On Losing A Spouse

Editor’s Note: My very dear friend Lynne wrote this piece on her experience of losing a spouse. Her warm, generous, smart, thoughtful husband Allan was one of the most upbeat, joyful and positive people I’ve ever met. He died a bit over a year ago and I recently asked if she’d be willing to share some of what she’s learned. Whether or not you ever endure losing a spouse, we all experience losses through life, and her insights may help you. 

On losing a spouse. Trueheartgal. A photo of the guest editor Lynne, with her husband Allan in happier times.

I lost my husband this past year and found that while grief will take you to your knees it will also make you wiser and stronger and a better friend. I am still deep in the learning process, feeling my way along, and grateful for the love and support I have received. I want my friends who have not yet gone through this passage to be at least a little bit prepared and Ligeia asked me to put down some of the thoughts that have been top of mind for me. Here they are…

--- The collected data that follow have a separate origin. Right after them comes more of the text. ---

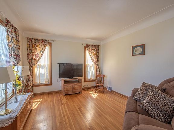 Darling Rambler located on a large fenced-in lot! Main level boasts glowing hardwood and tile floors, nice size living room, kitchen with breakfast nook, 2 bedrooms and a full bathroom. Partial finished basement with family room area for a second entertaining space. Step outside to the huge fenced-in backyard with tall mature trees, storage shed, and large patio! Plenty of outdoor space for pets, gardening area. Hurry, this one wonât last long!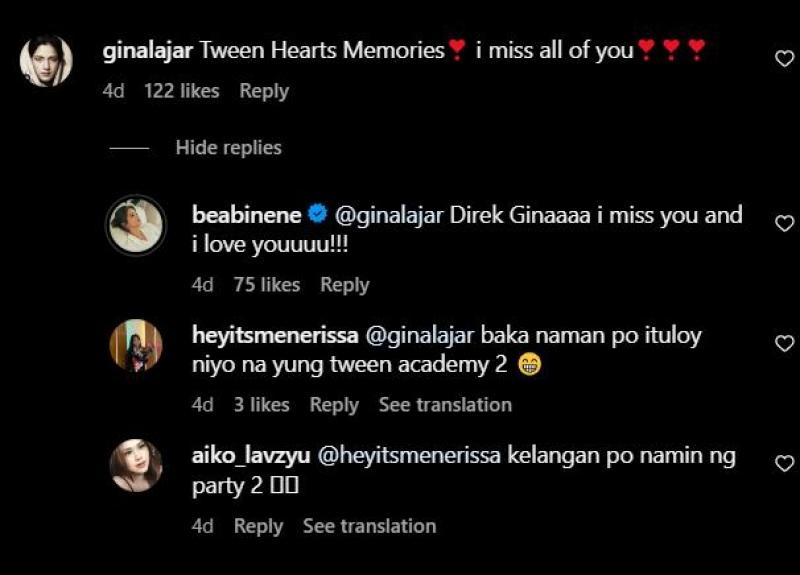 "Baka naman po ituloy niyo na yung tween academy 2," hirit ng isang commenter kay direk Gina.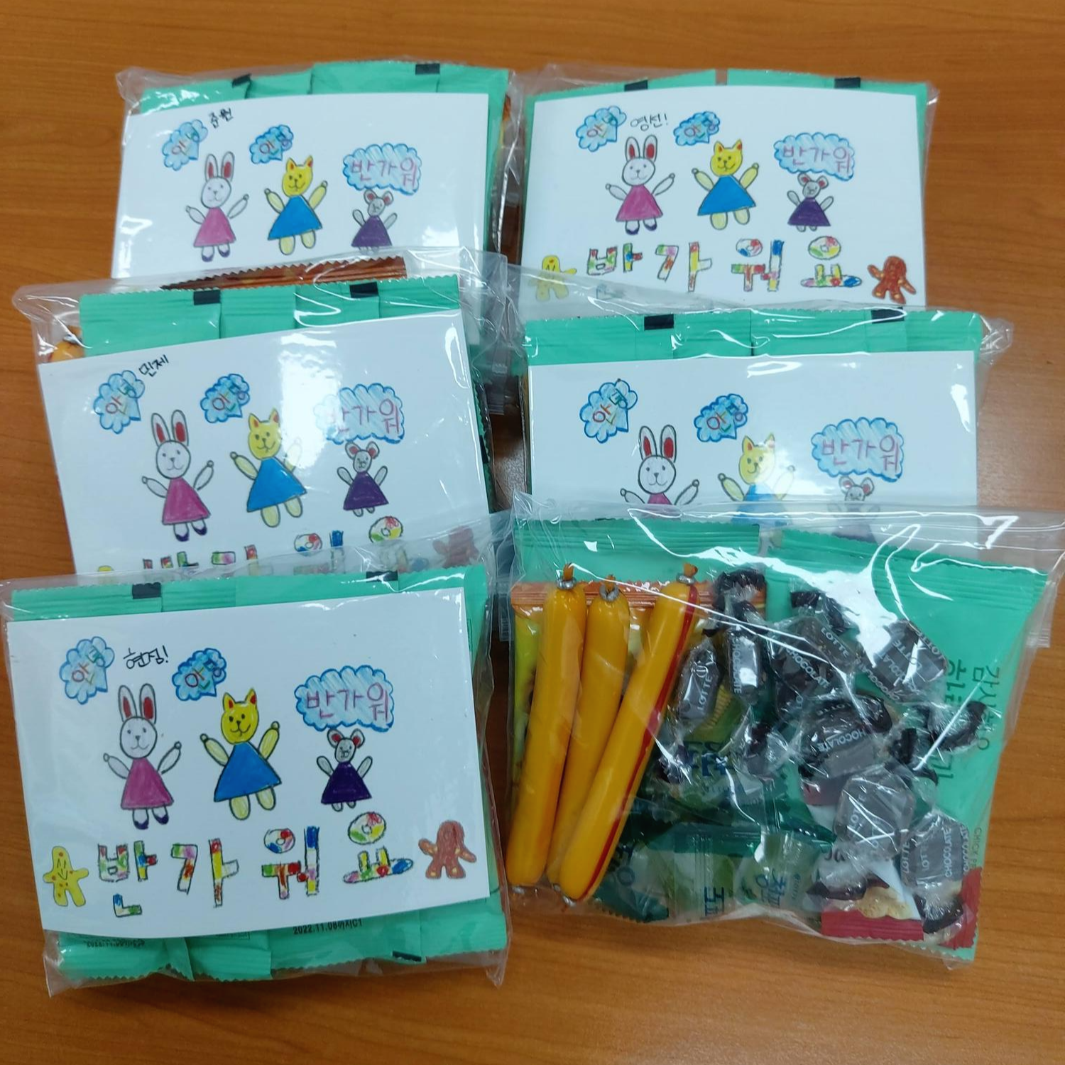 엽서를 간식 꾸러미에 같이 넣는 것도 좋겠다고 했습니다.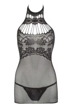 Petite Robe Lingerie Résille Noire Dentelle Poitrine et String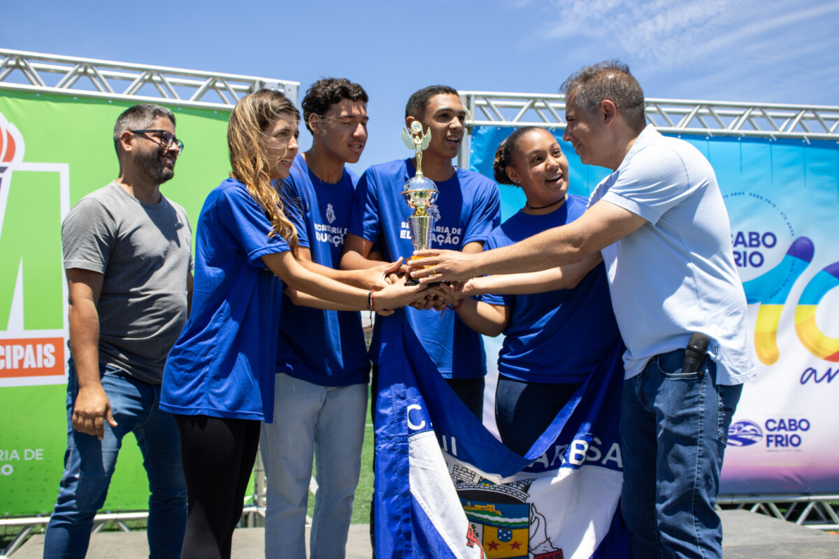 Na oportunidade, o prefeito Dr. Serginho e o secretário municipal de Educação, Alessandro Teixeira, conduziram a entrega dos troféus aos alunos e escolas vencedoras. O pódio geral teve como grande campeã a Escola Municipal Márcia Francesconi Pereira, seguida pelo Centro Educacional Municipal Professora Marli Capp, em segundo lugar, e pelo Colégio Municipal Rui Barbosa, em terceiro lugar.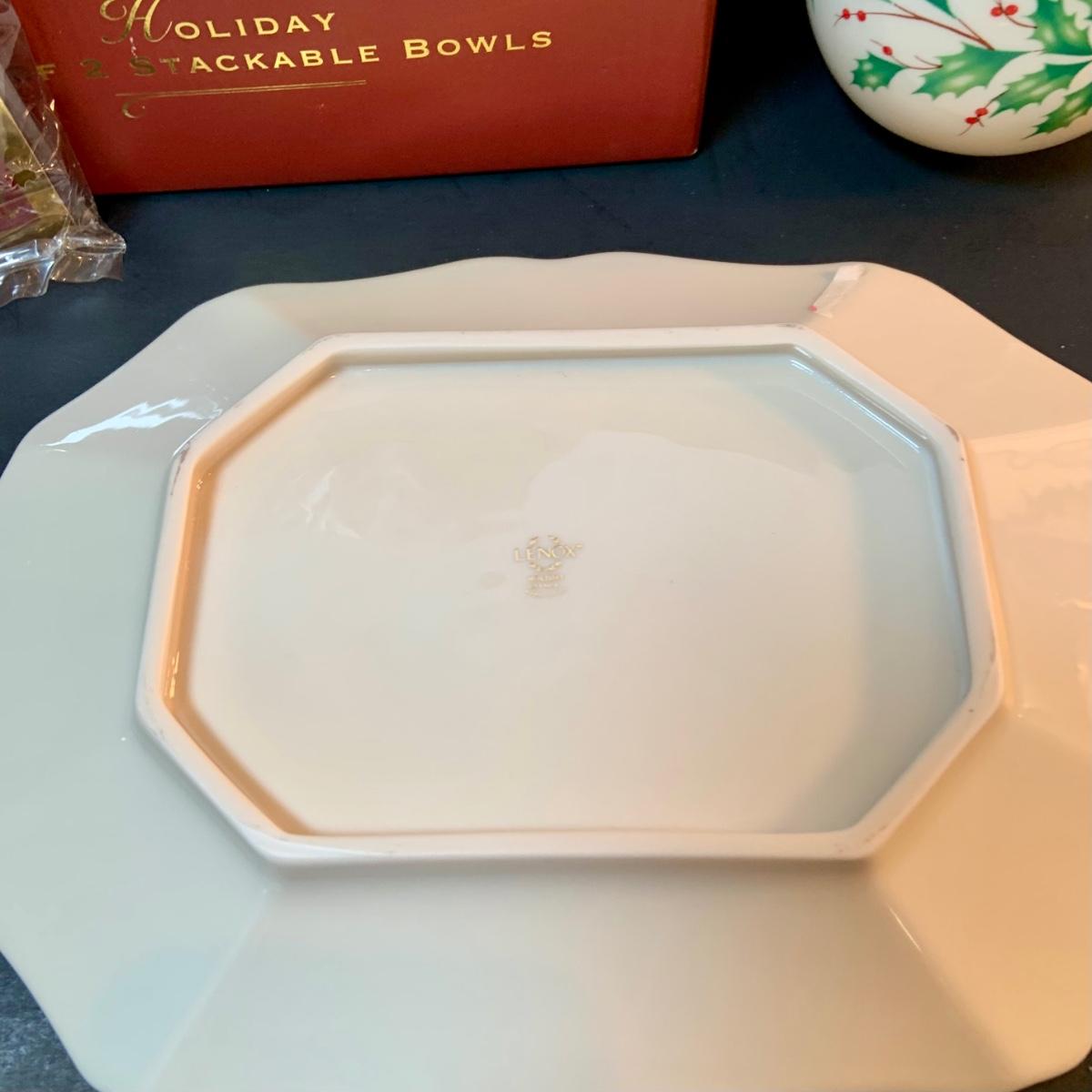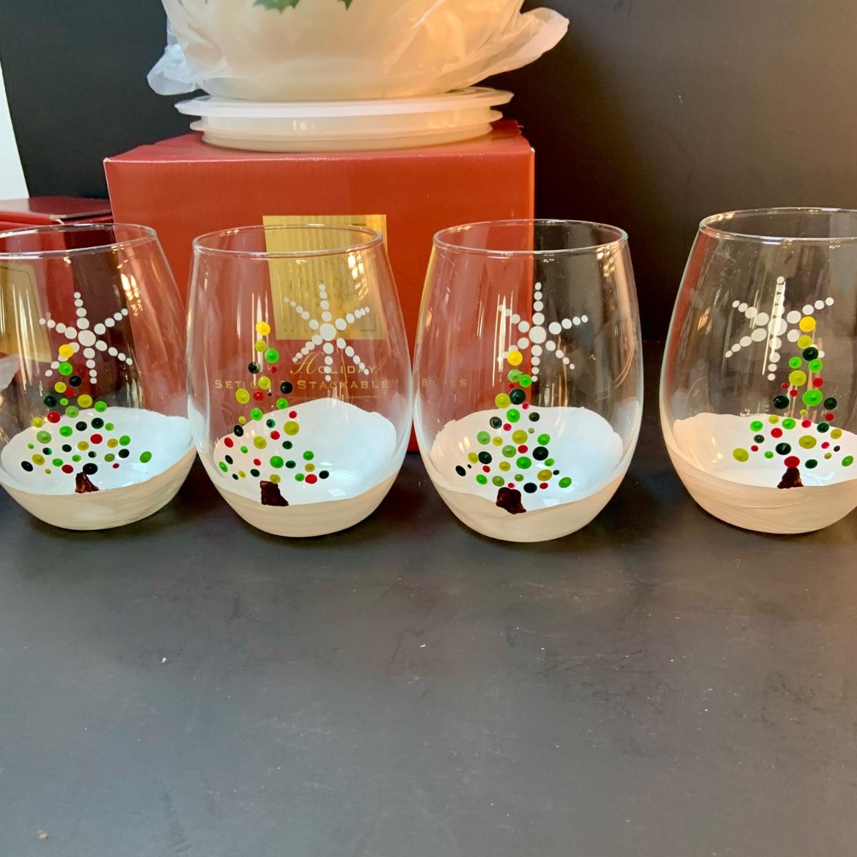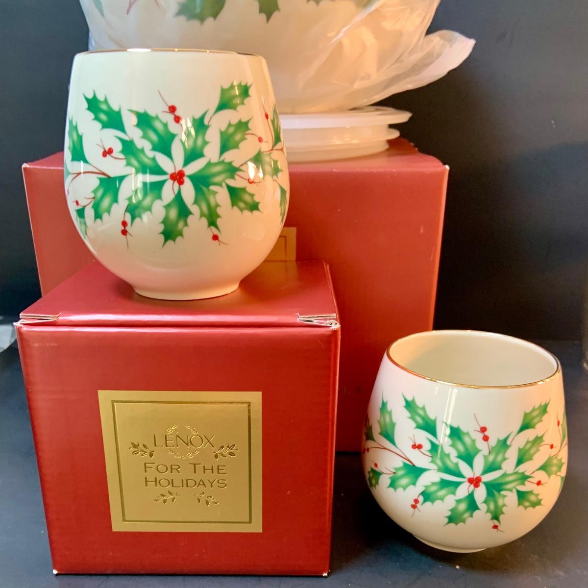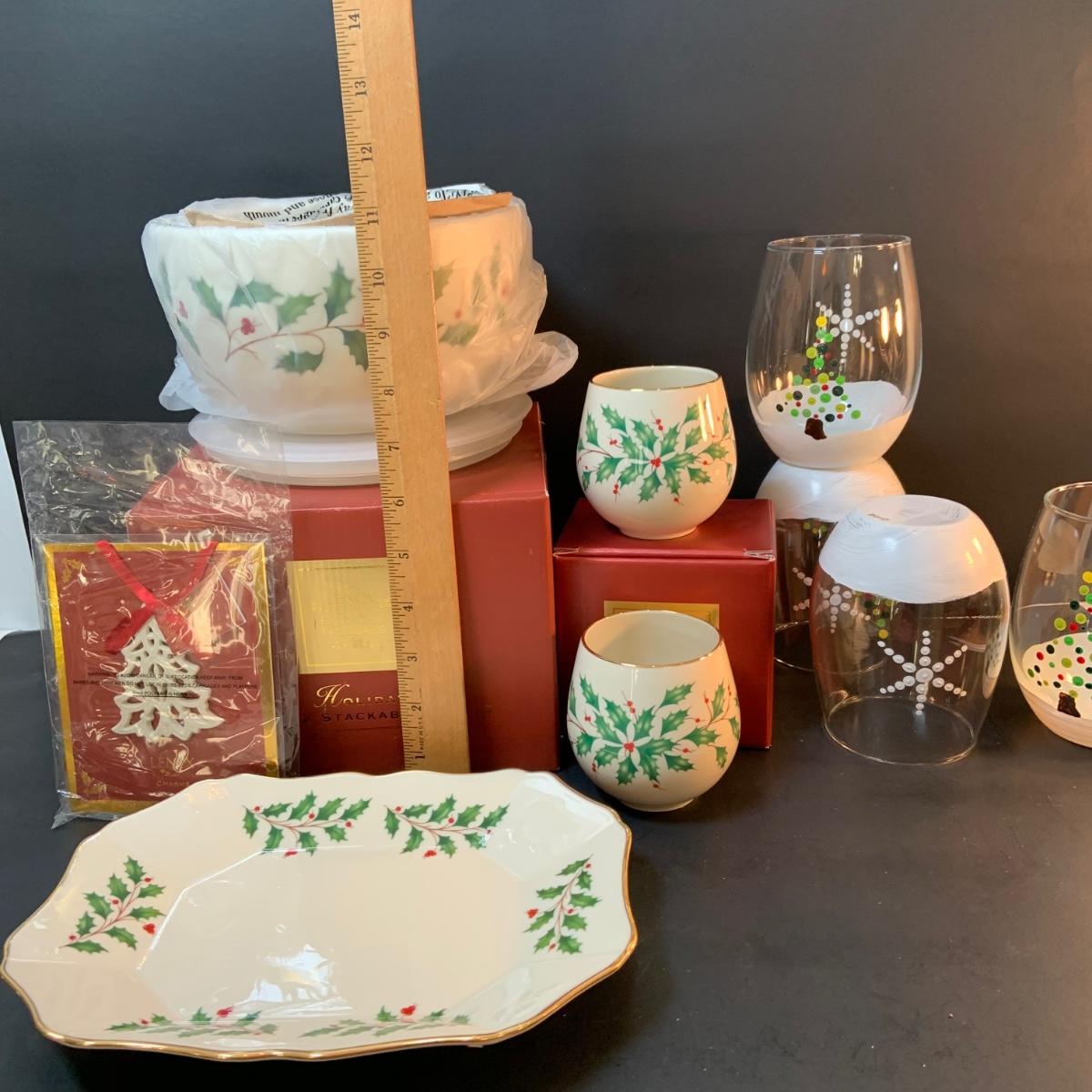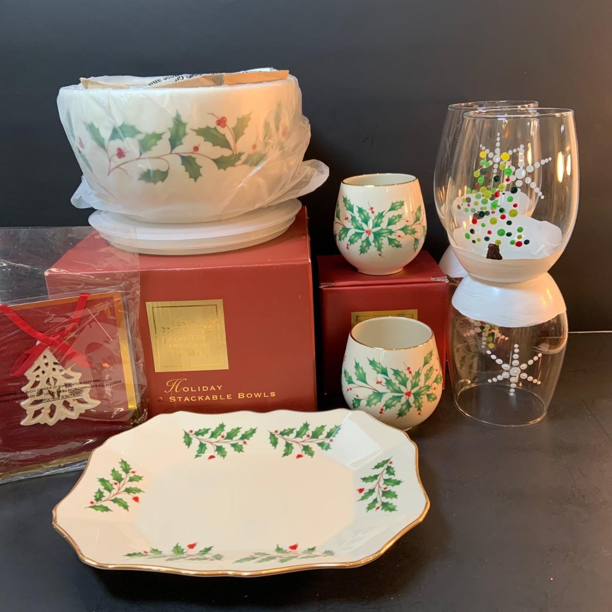 LOT:69: Collection of Lenox Holiday Dishware, Ornament and a Set of Handpainted Wine Glasses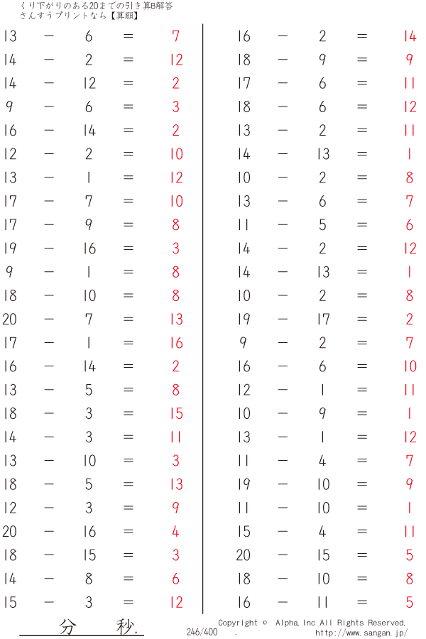 くり下がりのある20までの引き算B(2桁で引く) [解答]246/400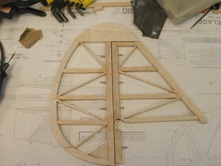 I built the fin post per plans. After notching it out for the joiner, 1/32 ply was laminated to the outside of the rudder post for a little added strength. The tail bracing wires will also help to keep things rigid.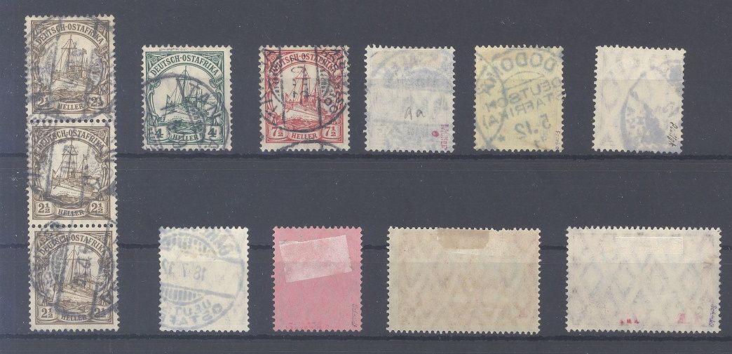 Deutsche Kolonien Ostafrika Michel Nummer 30/39, Freimarken 1905/20 gestempelt. Es fehlen natürlich die gestempelt praktisch nicht existenten Michel Nummer 38, diese ist unberechnet ungebraucht * beigefügt, viele Werte sind signiert-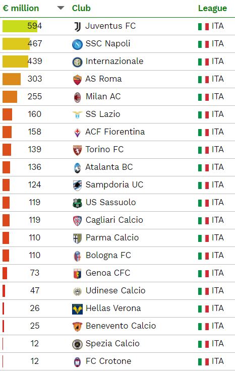 Uno studio condotto dal CIES ha evidenziato quali sono le società che hanno speso di più nel corso delle varie finestre trasferimenti per allestire le rispettive squadre. La classifica fa fede al 2019 e somma i costi per l'acquisto di ogni giocatore della rosa. Il Manchester City è l'unica a sfondare il tetto del miliardo di euro mentre la Juventus è l'unica a entrare nella Top 10. A ljvello europeo è il Napoli è al tredicesimo posto.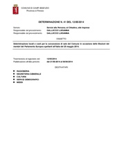 Determinazione locali e costi per la concessione di sale del Comune in occasione delle Elezioni dei membri del Parlamento Europeo spettanti all'Italia del 25 maggio 2014.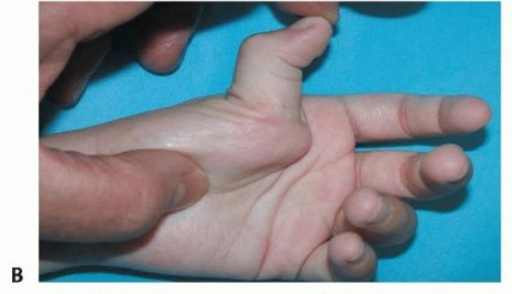 A supple thumb-in-palm posture is a normal finding in infants during the first year. Persistence of a tightly closed thumb in palm longer than 1 year is abnormal and should be evaluated.3The deformity is usually correctable at first and then progresses to a fixed deformity as myostatic contracture develops.A progressive and variable-size discrepancy of the involved limb may develop, resulting in a smaller thumb.1 The lack of thumb extension and abduction can impair hand grip, function, appearance, and hygiene.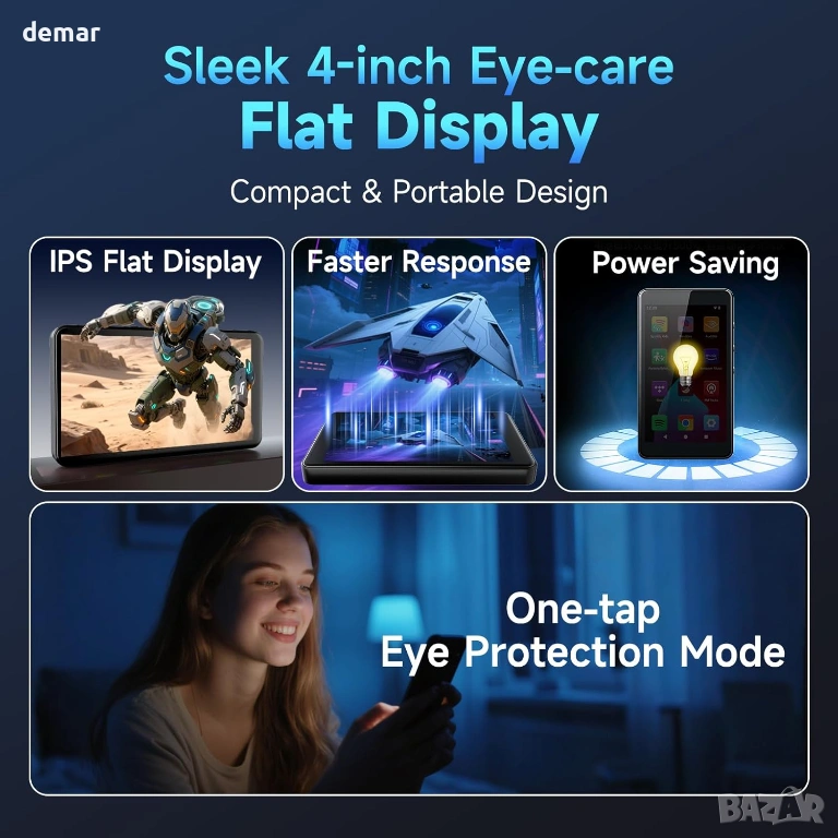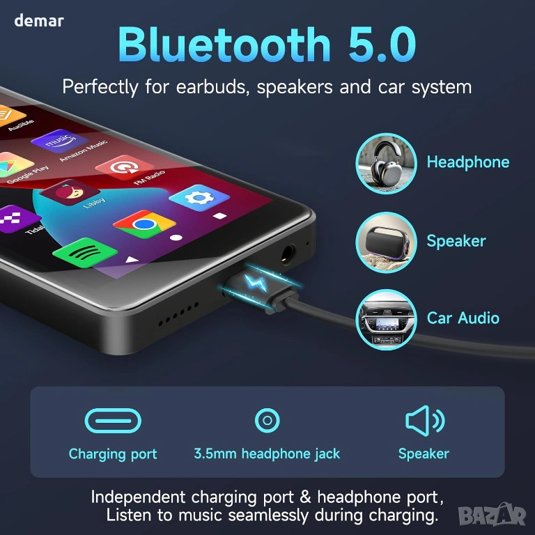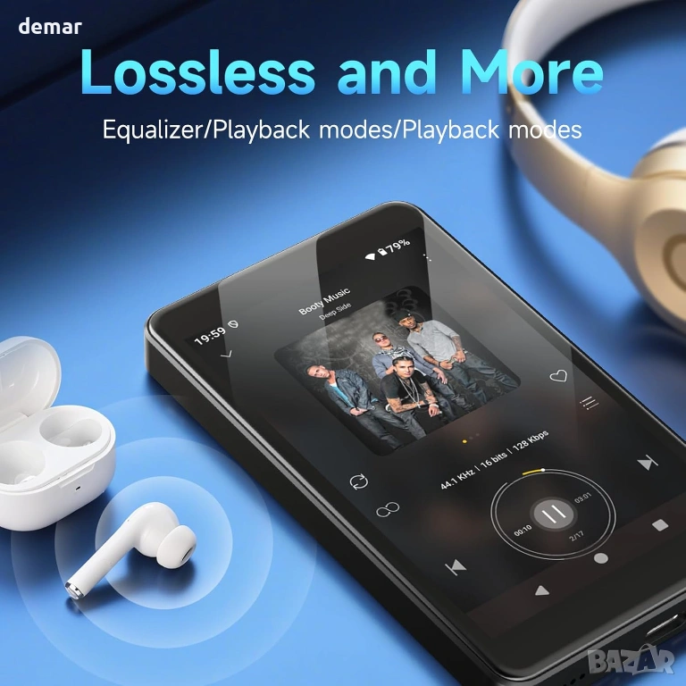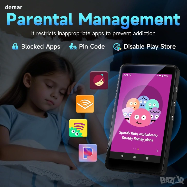 Захранван от Android 14 с осемядрен процесор, този MP3 плейър поддържа стрийминг приложения като Spotify, Pandora, TIDAL, Amazon Music, Libby и Audible през Play Store, като същевременно позволява премахването на нежелани приложения. Той разполага с родителски контрол с ограничения за приложения и защита с парола, 4-инчов IPS сензорен екран с грижа за очите с нощно осветление и тъмен режим и интелигентна функция за пестене на енергия за удължаване на живота на батерията. Паметта включва 3GB RAM, 32GB вътрешна памет плюс 64GB карта (разширяема до 1TB). Двубандовият Wi-Fi и Bluetooth 5.0 позволяват стабилно стрийминг и лесно сдвояване със слушалки, високоговорители или автомобилни системи. Устройството предлага също запис на глас, опции за слушане на FM радио, широка поддръжка на аудио формати, издръжлив дизайн от закалено стъкло с метални ръбове и се предлага със слушалки, силиконов калъф, USB кабел и карта памет.

Your friends will do the best they can. If you have nurtured good friendships, your friends will be there for you. They won’t always be there in the exact way you wish, but they will be there. They might barrage you with worried calls when you wanted to be asked over for a meal so you wouldn’t have to eat alone. They might send an awkwardly worded card when you wished they would call so you could talk. Try to remember people are well-intentioned, and they are hurting for you. They just don’t know what to do. So, ask for what you want. If you need someone to hold you when you cry, say so. If you need someone to make you dinner, ask for it. If you need them to talk about your loved one, or not talk about them, say so. People who love you will be guessing wildly what the right thing to do might be. They want you to tell them.

People will personalize everything, but that’s OK. No matter how much people love you, they will be thinking at least in part about themselves. What if their husband died? How would they want the funeral to be? How would they handle the grieving process? This is natural. I try to think of it like being a beacon. We don’t have to do anything particular but just by being we shine a light. By going through something hard we are being an example for somebody else. We don’t have to be brave or perfect at it, we just have to be it. We are showing how someone grieves, how someone heals, how someone copes. How someone remembers. Even mistakes we make can teach us and others.

Trust Your Gut. If you don’t get a good feeling from someone or something, pay attention and act accordingly. There may be people you just can’t be around for whatever reason. They are trying too hard, or they are too terrified by your loss so they are making you terrified, or they are clueless, or they are avoiding the subject. I remember years ago going through the in vitro process and in the waiting room of the fertility doctor there was a sign asking people to not bring infants along when they came to see the doctor. It was just too painful for those who couldn’t have a baby of their own. At the time I thought that was an over-reaction. Now I understand they were caring for their patients. Sometimes some things are just too painful and it’s OK to say “No, I’m not doing that.”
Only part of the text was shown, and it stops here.